Elbette bunun için elimizde hiçbir bilgi bulunmamakta. İlk gösterge olabilecek dönüş treni ise Avrupa’dan en iyi ihtimalle bu hafta kalkacak. Rail Cargo CEO’su Erik Regter, BALO projesini her anlamda destekleyeceklerini açıkladı. Ancak bir başka önemli nokta da şu. Rail Cargo, Türkiye ile Avrupa arasındaki konteyner trafiğinin en güçlü oyuncularından. Dahası, en büyük rakibi IFB’den farklı olarak, Rail Cargo, forwarder firmalarla çalışmak yerine doğrudan kendi müşterilerini taşımayı tercih ediyor. Peki Rail Cargo’nun Avrupa’dan BALO trenine müşteri bulmada ne kadar ileri gidecek?

Bir başka ihtimal de, BALO’nun, kendi çabalarıyla Avrupa’dan müşteri portföyü oluşturması. Açıkçası, bu ihtimalin kısa sürede gerçekleşmesi oldukça zor.
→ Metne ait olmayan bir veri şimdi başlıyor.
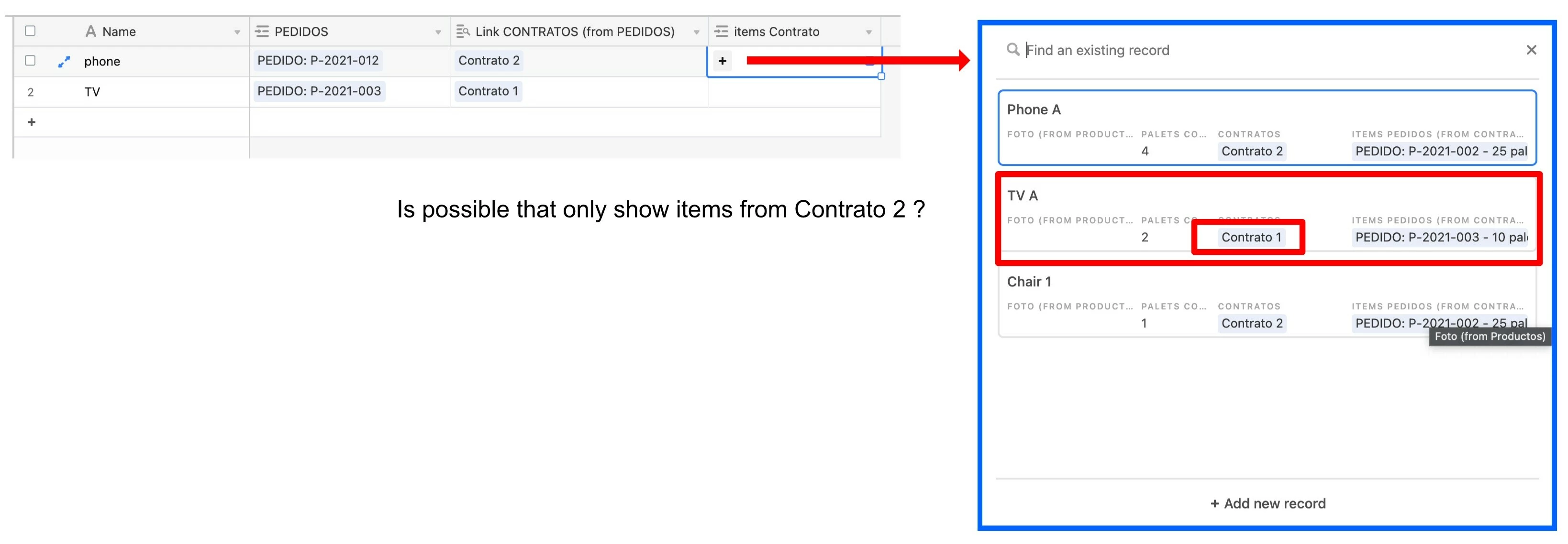 I’ve also done something similar with a separate table, having only 1 record in that table, that I link to all my records that I want filtered. In this case, the 1 record would link to the table feeding Items Contrato. Then, I set conditions that work for me, like records that meet a certain criteria. The downside to the method is you would need to set up an additional criteria, either a filter on/off switch or a time based criteria so your filter is only looking at the last modified record. I would attach screenshots but there would be a lot. If interested, I can walk you through it.

Diğer operatörlerle rekabet

BALO’nun önemli bir avantajı var. Diğer tüm operatörler Marmara Bölgesi’ndeki (İstanbul, İzmit, Adapazarı ve Bursa) müşteriler için rekabet ederken, Manisa’dan yola çıkan BALO; Ege Bölgesi’nde (İzmir, Manisa, Denizli), tek başına rekabet edebilecek. Fiyatlar, eğer uzun süre bu fiyatlarla yola devam ederse, bölgedeki müşterileri çekecek kadar rekabetçi. Bölgede demiryolunu kullanan sınırlı sayıda firma olduğundan, kalanının demiryoluna geçişe ikna edilebilmesi için düşük fiyat ve kaliteli hizmet önemli.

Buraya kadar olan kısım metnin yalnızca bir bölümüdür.